COLE (1 syl.), a legendary British king, described as “a merry old soul,” fond of his pipe, fond of his glass, and fond of his “fiddlers three.” There were two kings so called—Cole (or Coil I.) was the predecessor of Porrex; but Coil II. was succeeded by Lucius, “the first British king who embraced the Christian religion.” Which of these two mythical kings the song refers to is not evident.
Cole (Mrs.). This character is designed for Mother Douglas, who kept a “gentlemen’s magazine of frail beauties” in a superbly furnished house at the north-east corner of Covent Garden. She died 1761.—S. Foote, The Minor (1760).
COLEIN (2 syl.), the great dragon slain by Sir Bevis of Southampton.—Drayton, Polyolbion, ii. (1612).
COLEMI’RA (3 syl.), a poetical name for a cook. The word is compounded of coal and mire.
“Could I,” he cried “express
how bright a grace
Adorns thy morning hands and well-washed
face,
Thou wouldst, Colemira, grant what I implore,
And yield me love, or wash thy face no
more.”
Shenstone, Colemira (an eclogue).
COLE’PEPPER (Captain) or CAPTAIN PEPPERCULL, the Alsatian bully.—Sir W. Scott, Fortunes of Nigel (time, James I.).

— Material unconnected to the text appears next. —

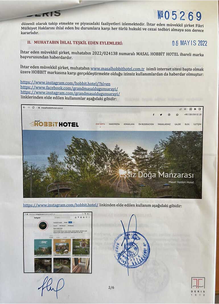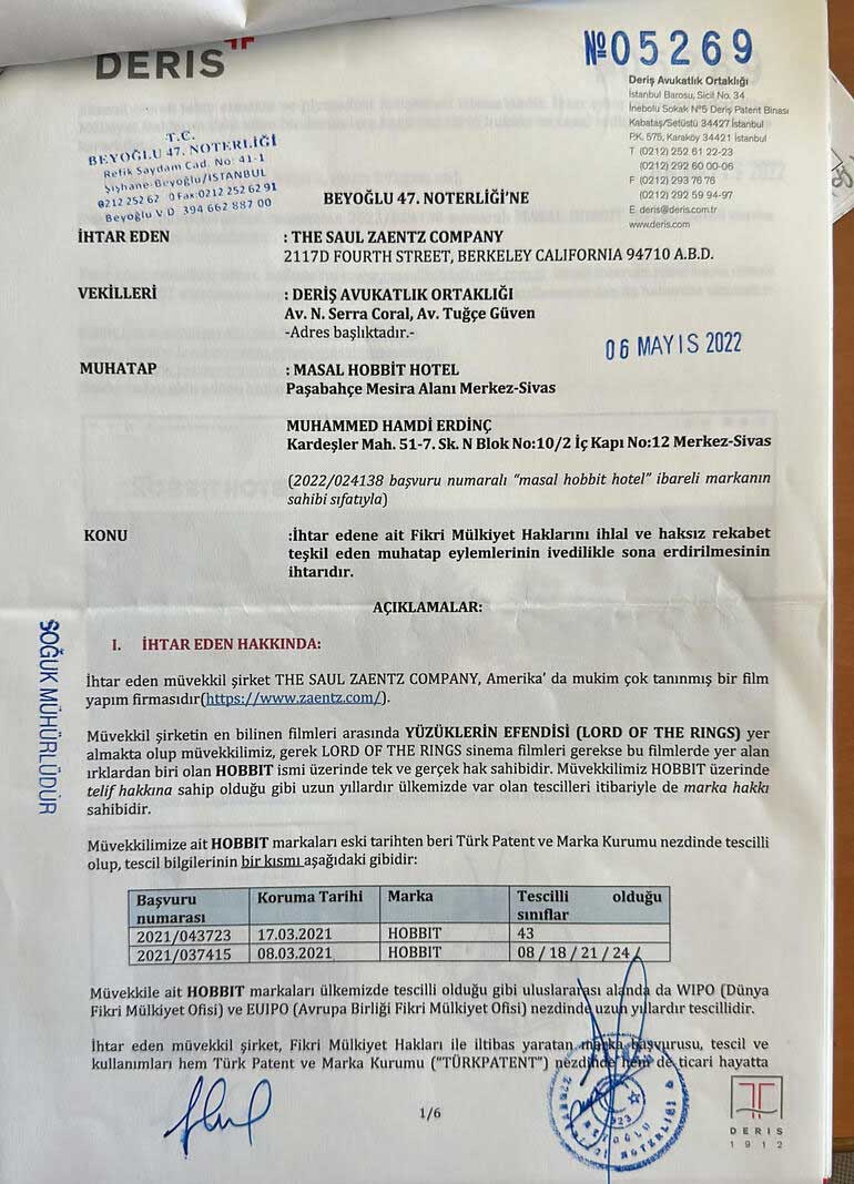 İhtarnamede, 'Hobbit' isminin 'Yüzüklerin Efendisi' filmiyle özdeşleşen bir isim olduğu ve telif haklarının kendilerinde bulunduğunu belirterek, izinsiz kullanımının mümkün olmadığı vurgulandı.
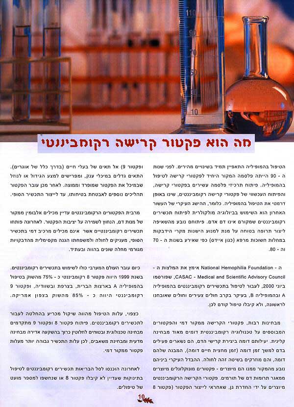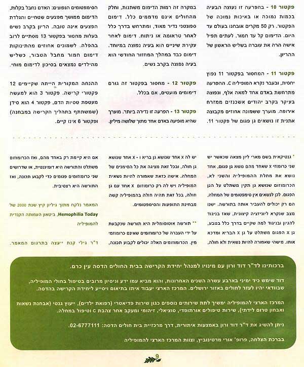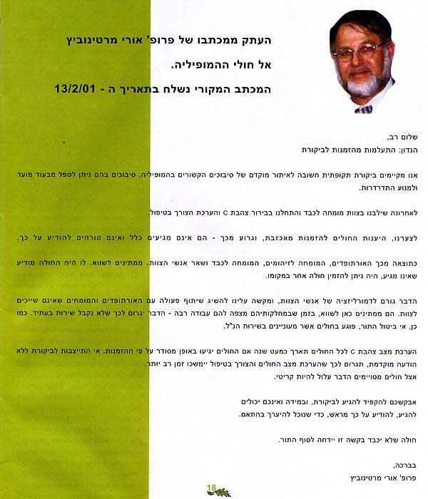 העתק ממכתבו של פרופ' אורי מרטינוביץ אל חולי ההמופיליה

COLIN, or in Scotch CAILEN, Green Colin, the laird of Dunstaffnage, so called from the green colour which prevailed in his tartan.
COLIN AND ROSALINDE. In The Shephearde’s Calendar (1579), by Edm. Spenser, Rosalinde is the maiden vainly beloved by Colin Clout, as her choice was already fixed on the shepherd Menalcas. Rosalinde is an anagram of “Rose Danil,” a lady beloved by Spenser (Colin Clout), but Rose Danil had already fixed her affections on John Florio the Resolute, whom she subsequently married.
And I to thee will be as kind
As Colin was to Rosalinde,
Of courtesie the flower.
M. Drayton, Dowsabel (1593)
COLIN CLOUT, the pastoral name assumed by the poet Spenser, in The Shephearde’s Calendar, The Ruins of Time, Daphnaida, and in the pastoral poem called Colin Clout’s come home again (from his visit to Sir Walter Raleigh). Ecl. i. and xii. are soliloquies of Colin, being lamentations that Rosalinde will not return his love. Ecl. vi. is a dialogue between Hobbinol and Colin, in which the former tries to comfort the disappointed lover. Ecl. xi. is a dialogue between Thenot and Colin, Thenot begs Colin to sing some joyous lay; but Colin pleads grief for the death of the sheperdess Dido, and then sings a monody on the great sheperdess deceased. In ecl. vi. we are told that Rosalinde has betrothed herself to the shepherd Menalcas (1579).
In the last book of the Faery Queen, we have a reference to “Colin and his lassie,” (Spenser and his wife) supposed to be Elizabeth, and elsewhere called “Mirabella” See CLOUT, etc.